Compute the worth of Arcadia Hospital in 2005 using rules of thumb, adjusted book value, and discounted cash flow valuation (for this final method, use the table provided). Assume the cash flow for 2005 is the same as 2006. ($655 million)

1) Rules of thumb:
2) Adjusted book value:
3) Discounted cash flow:

Cash Flow amount
Capitalization Rate

6%
8%
10%
12%

Value
Part II: Compare your findings for each valuation method, and discuss any differences or similarities between the calculated values. What method do you think gives the most accurate picture of the worth of Arcadia in 2005? Explain your answer.

1) Rules of thumb: The worth of a hospital can be estimated using certain industry-specific rules of thumb, such as a multiple of revenue, net income, or EBITDA (earnings before interest, taxes, depreciation, and amortization). However, since the question does not provide any specific rule of thumb, we cannot calculate the worth of Arcadia Hospital using this method.

2) Adjusted book value: The adjusted book value is calculated by taking the net book value of the hospital's assets and adjusting it for any over- or under-valued items. To calculate the worth of Arcadia Hospital using this method, we need the balance sheet or financial statements of the hospital for the year 2005.

If we have access to these financial statements, we can find the net book value of Arcadia Hospital's assets for 2005. Then, we need to adjust this value based on any significant changes in the market value of assets since the time of purchase. For example, if the hospital acquired a piece of equipment for $1 million in 2000, but the current market value of that equipment is $1.5 million, we would make a positive adjustment of $0.5 million to the net book value.

Once we have the adjusted net book value, we can consider factors such as the hospital's reputation, location, growth prospects, and industry conditions to arrive at an estimated worth.

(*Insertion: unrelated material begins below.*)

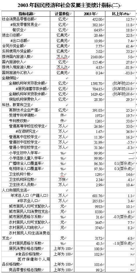 长沙市统计局关于2003年国民经济和社会发展统计公报
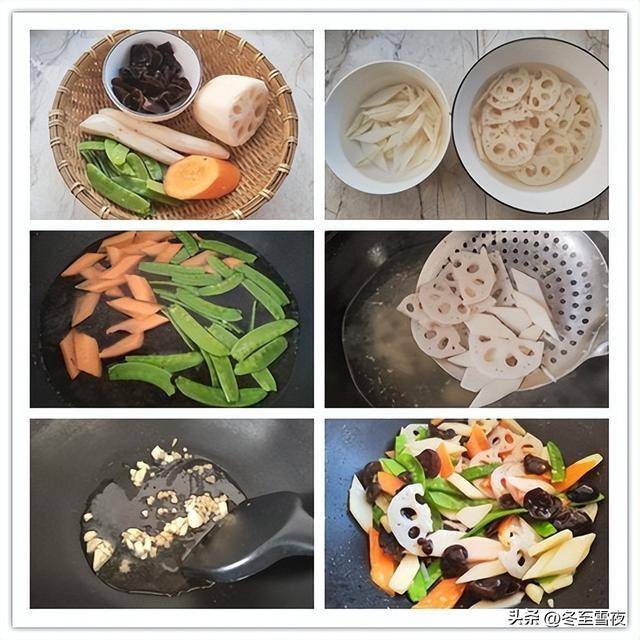 【荷塘小炒】所需材料:莲藕半根、山药半根、荷兰豆适量、胡萝卜1段、木耳半碗、油盐适量、姜1片、大蒜3瓣、鸡精1茶匙、水淀粉适量、

3) Discounted cash flow: The discounted cash flow (DCF) valuation method considers the future expected cash flows of a hospital and discounts them to their present value using a discount rate. In this case, we are given the cash flow for 2006, which is $655 million. To estimate the worth of Arcadia Hospital in 2005 using DCF, we need to discount the cash flow of 2006 to its present value in 2005.

To do this, we choose an appropriate discount rate based on the riskiness of investing in the hospital. In the question, four capitalization rates are provided: 6%, 8%, 10%, and 12%. These rates represent the required return or discount rate that an investor would apply to the future cash flows.

Using the chosen capitalization rate, we calculate the present value of the cash flow for 2006 by dividing the cash flow by (1 + discount rate)^number of years between 2006 and 2005.

For example, using a discount rate of 8%, the present value of the cash flow for 2006 would be $655 million / (1 + 0.08)^1 = $605.09 million. Therefore, the estimated worth of Arcadia Hospital in 2005 using DCF with a capitalization rate of 8% would be approximately $605.09 million.

Part II: To compare the findings for each valuation method, we would need to have the calculated values for the adjusted book value method and the DCF method using each of the provided capitalization rates.

However, based on the information given, it is not possible to determine which method gives the most accurate picture of the worth of Arcadia Hospital in 2005. Each method has its own limitations and assumptions, and the accuracy of the valuation depends on the quality of data and the appropriateness of the assumptions made. Without further information and calculations, it is not possible to determine the accuracy of each method for this specific case.